Nederland heeft zich in het Verdrag inzake de Biologische Diversiteit (CBD) onder meer gecommitteerd aan het Global Taxonomy Initiative programma. Dit programma is gericht op het ondersteunen van de uitvoering van het Verdrag door het verkleinen van het tekort aan taxonomische expertise. Dit tekort is met name voelbaar in ontwikkelingslanden. Tegen deze achtergrond is de sluiting van het Utrechts herbarium geen ideale ontwikkeling. In het antwoord op vraag 4 kunt u lezen dat ik bereid ben om te bemiddelen tussen universiteiten om de toegang tot de collecties te waarborgen.


4
Bent u bereid een bemiddelingsrol te spelen door in overleg met Nederlandse universiteiten en biodiversiteitinstellingen tot een tijdelijke oplossing te komen voor het Utrecht Herbarium, totdat de daadwerkelijke oprichting van het Nederlands Centrum voor Biodiversiteit een realiteit zal zijn? Zo ja, wat gaat u daartoe ondernemen? Zo neen, waarom niet?

Ja. Er zijn al oriënterende gesprekken gevoerd met contactpersonen bij de Universiteit Utrecht en de Universiteit Leiden over een mogelijke overbrenging van de exemplaren van Utrecht naar de grootste vestiging van het Nationaal Herbarium Nederland (NHN) in Leiden.

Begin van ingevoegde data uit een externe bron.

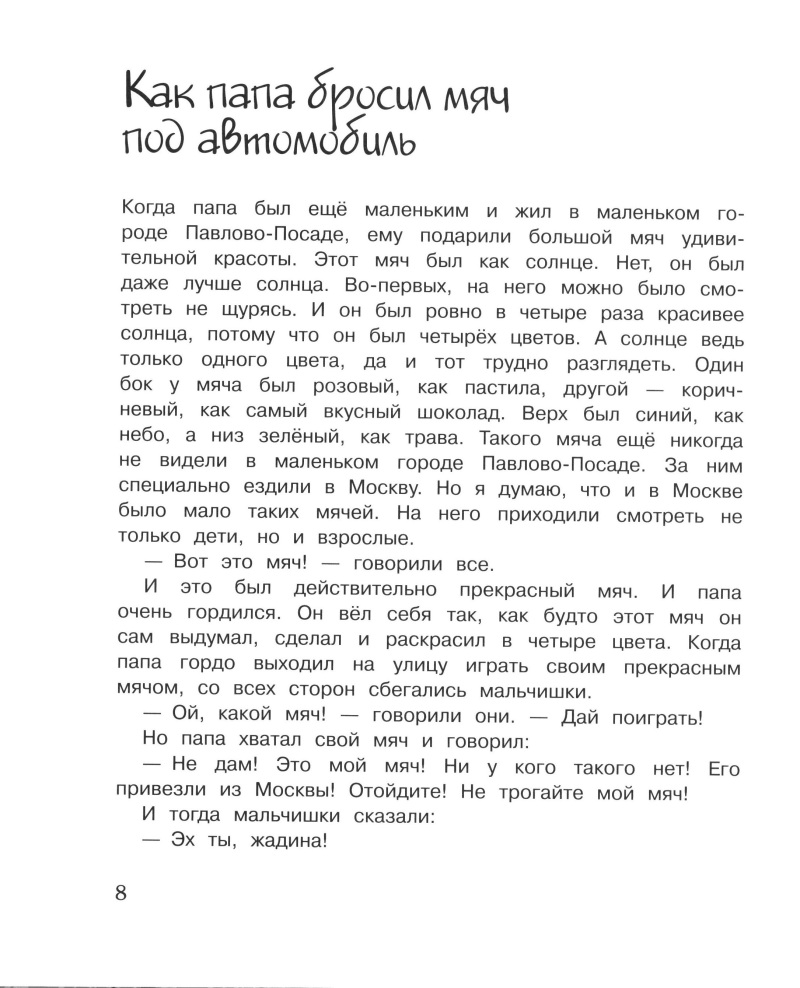 Книга состоит из небольших рассказов, каждый из которых начинается магическими словами "Когда папа был маленький...", и как продолжение, то - папу дразнили девочки, и он плакал, боялся слезть со шведской стенки и над ним смеялся весь класс, у него была кличка, он прогуливал уроки и т.д. Ценность этой книги не в том чтобы "сбить" нимб с головы пап сегодняшних, а в том чтобы подсказать ребенку – как можно решить такие ситуации, что делал "маленький папа" в таких случаях. Задорно написана, очень смешная интересная и легкая книга! Картинки через разворот, правда, весьма самобытные:-), шрифт крупный и четкий. Аудитория от 7 лет и старше.

OCW draagt sedert 1999 bij aan de instandhouding van het NHN met een bedrag van ruim 1 miljoen euro per jaar. Daarin is ook een bedrag begrepen voor de Utrechtse vestiging van het NHN. Ik zal met het College van Bestuur van de Universiteit Leiden bespreken of het bereid is om de collecties bij de Leidse vestiging van het NHN onder te brengen. Daartoe zal ik de bovengenoemde middelen voor de Utrechtse vestiging beschikbaar stellen aan de Leidse vestiging. Ook zal ik uitzoeken of het College van Bestuur van de Universiteit Utrecht bereid is om de verhuiskosten van de collectie te betalen en een bijdrage te leveren aan een compensatie voor de Universiteit Leiden voor de opslag- en beheerskosten.


1) Brief LNV08-326 en OCW08-479 van het IUCN Nederlands Comité.